**ASSIGNMENT**. Repeat every record exactly, but keep images out of the copy.

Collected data
:::

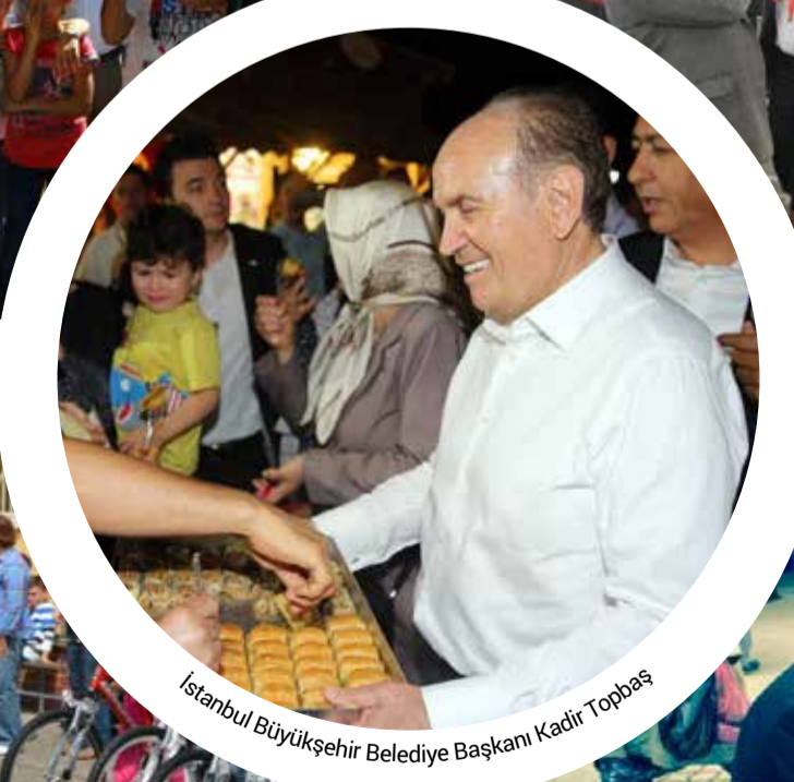
İstanbul Büyükşehir Belediye Başkanı Kadir Topbaş
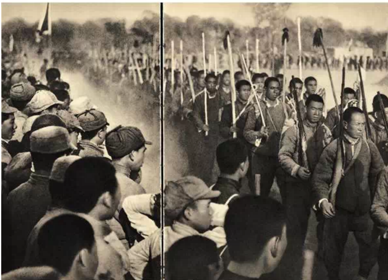
▲ 《人民战争的力量源泉》。左下角面向镜头的人脸被裁剪或重绘成侧面，群众都变得专注认真。上图：修改前。下图：
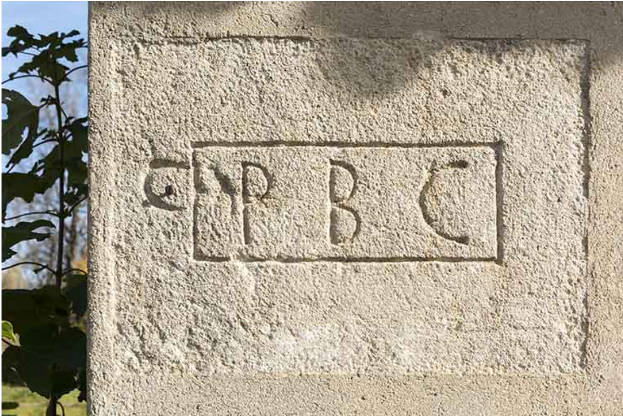
Initiales sur la façade latérale gauche.
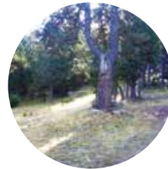
Arribant a Conangle

Juberrí: del llatí iugus , "jou", amb la terminació erri , del basc, "lloc o poble". D'aquest nubi urbà, n'apareixen diverses denominacions i, potser, agrupaments separats.
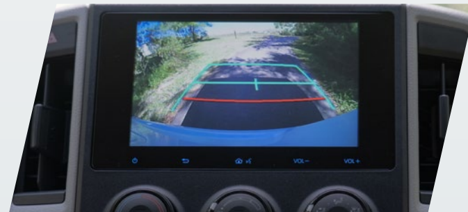
Cámara de retroceso**
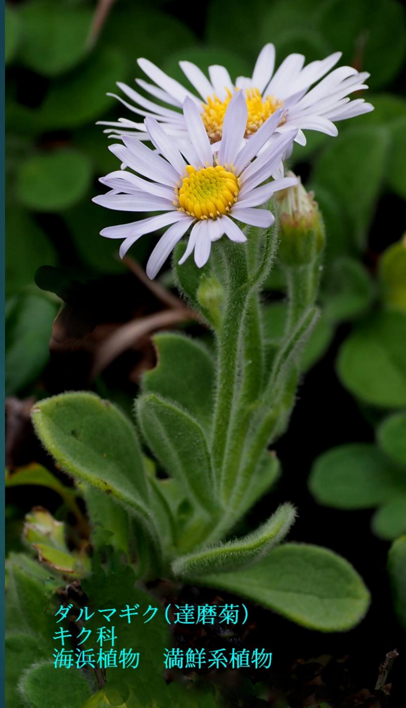
ダルマガク(達磨菊) キク科 海浜植物 満鮮系植物
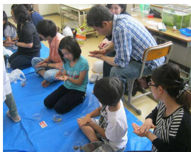
<スーパー土だんご作り>
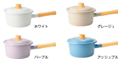
ホワイト グレージュ パープル アッシュブルー

:::

**SOLUTION**.
İstanbul Büyükşehir Belediye Başkanı Kadir Topbaş
▲ 《人民战争的力量源泉》。左下角面向镜头的人脸被裁剪或重绘成侧面，群众都变得专注认真。上图：修改前。下图：
Initiales sur la façade latérale gauche.
Arribant a Conangle

Juberrí: del llatí iugus , "jou", amb la terminació erri , del basc, "lloc o poble". D'aquest nubi urbà, n'apareixen diverses denominacions i, potser, agrupaments separats.
Cámara de retroceso**
ダルマガク(達磨菊) キク科 海浜植物 満鮮系植物
<スーパー土だんご作り>
ホワイト グレージュ パープル アッシュブルー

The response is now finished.